Even before he won office, Trump had expressed his disapproval of China taking advantage of the US economically, pointing out the wide trade deficit between the two countries.
After he moved into the White House, Trump began to roll out tariffs on billions of dollars of Chinese goods in mid-2018 to put pressure on the world’s largest exporter to balance trade by changing the way it did business with the US. Among the demands were an increase in US goods purchased by China and an end to the theft of US companies' intellectual property.
The Chinese government retaliated with tariffs of their own, beginning an 18-month long trade war. Finally in January this year, the two sides agreed to a phase one deal, reducing tariffs in exchange for China agreeing to buy more US goods.
But there was wide consensus that any phase two deal would have to tackle the thornier issues, such as intellectual property theft, and would thus be difficult to agree on.
Then came the pandemic.
Rather than encouraging greater cooperation, COVID-19 has further soured US-China relations amid the unfinished trade war. A war of words has ensued between the two countries with both sides blaming each other. Trump has criticized China’s response to the virus outbreak and referred to COVID-19 as the ‘Wuhan’ or ‘Chinese’ virus. On the other hand, the Chinese have gone as far as to back the conspiracy theory that the coronavirus was a bioweapon manufactured in American laboratories.
Both sides seem to be blaming the other for the origin and severity of the crisis as they seek to divert attention from troubling domestic issues. Contracting exports and rising unemployment have pushed China toward its worst downturn in generations. Similarly, the US, with unemployment almost at 15% and the highest number of cases from a single country, is marred with problems of its own.

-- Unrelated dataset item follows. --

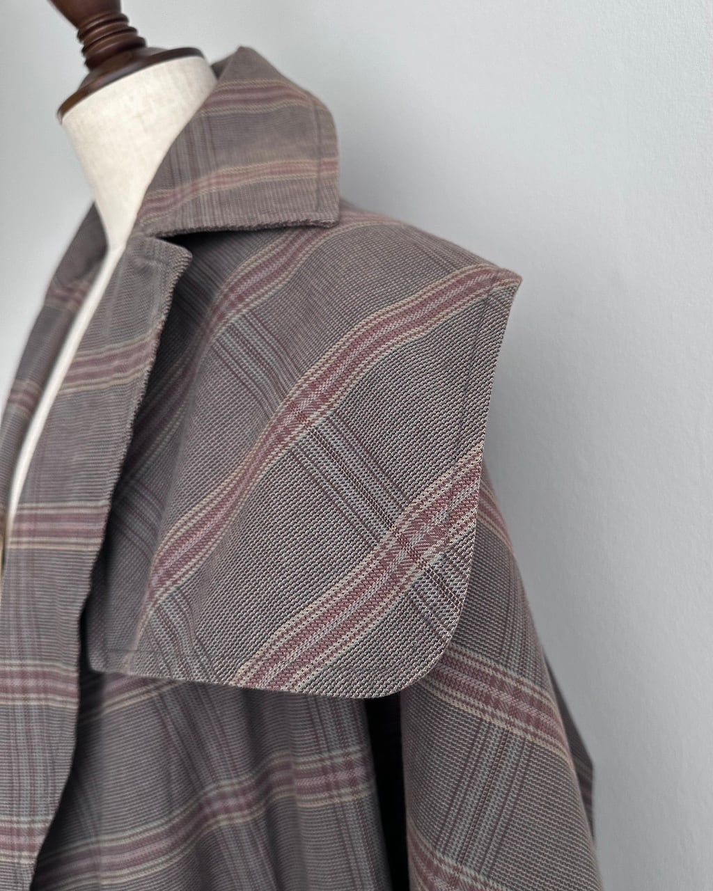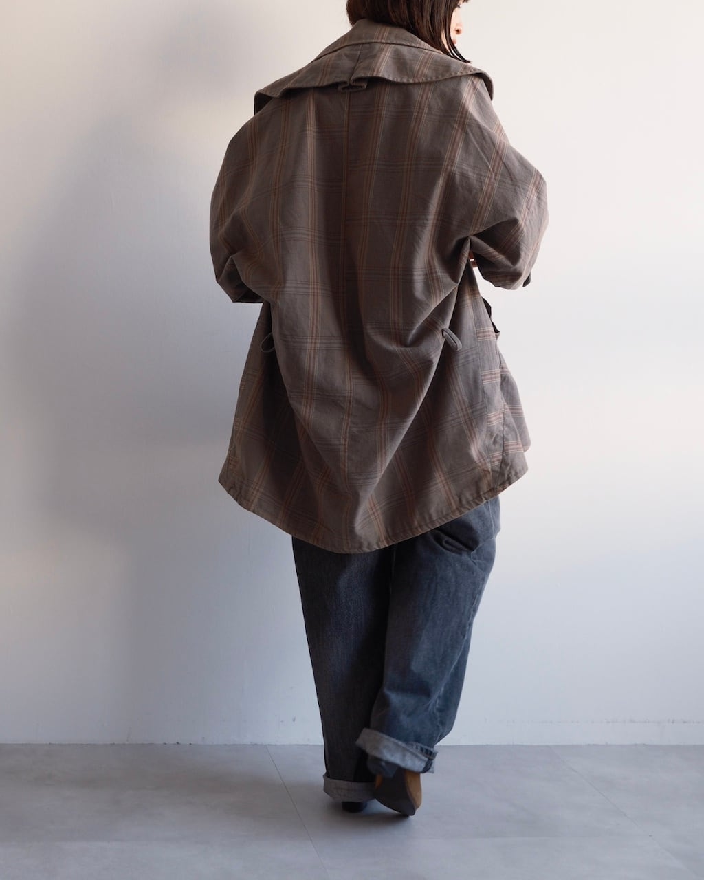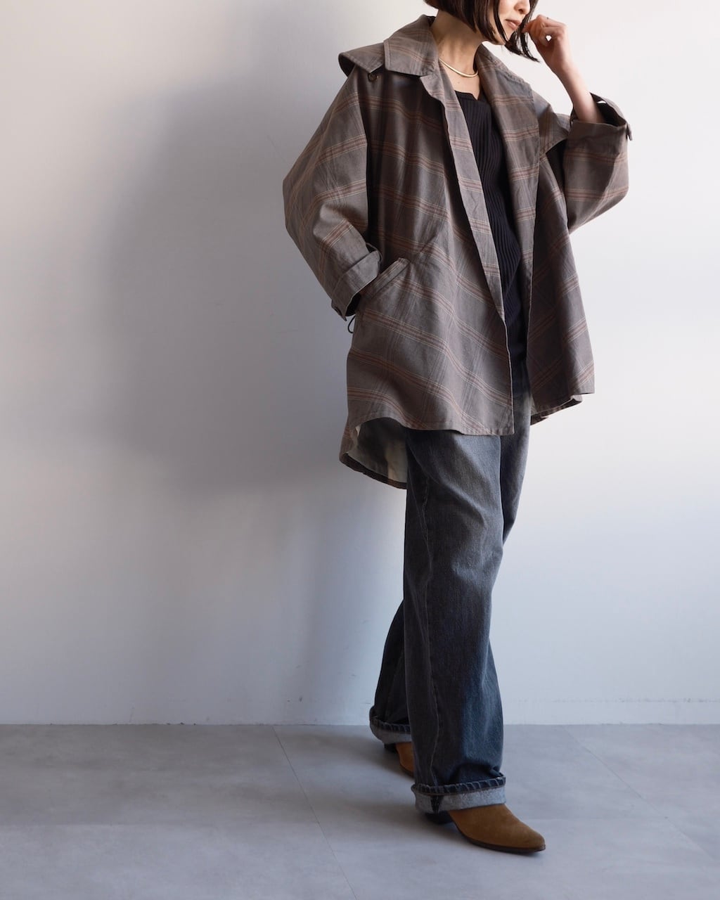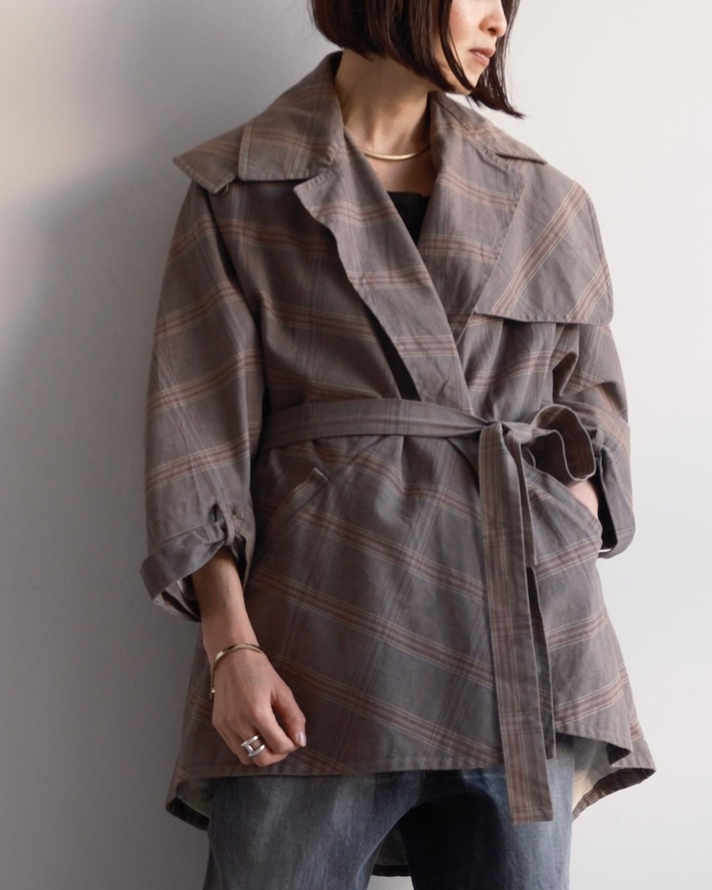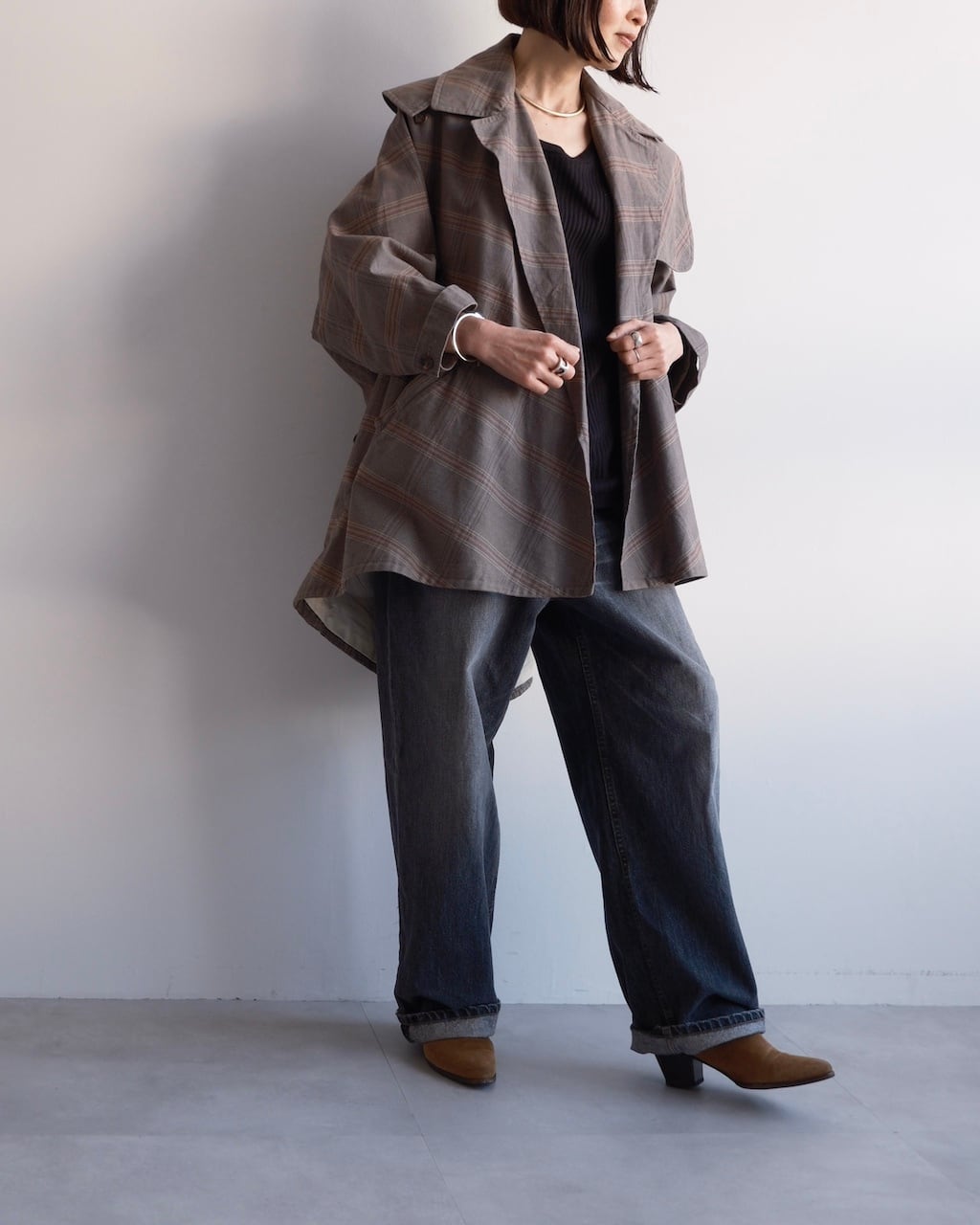 大きく開いたワイドカラーが印象的で、前を開けて羽織るだけでも立体的な表情に。

A lot will depend on whether the phase one deal makes it through the US elections. With China hit by a virus-induced economic deceleration, it looks unlikely that the country will be able to meet its phase one pledge to buy an additional $200 billion of US products this year and next year. The clash will likely get fiercer around the time of US elections in November. Trump has already begun to blame China for the deaths and disruption caused by the virus as it threatens his chances of victory. He will likely get more aggressive in his rhetoric and response to China if he is seen trailing in polls, and will be open to all options in a bid to get re-elected.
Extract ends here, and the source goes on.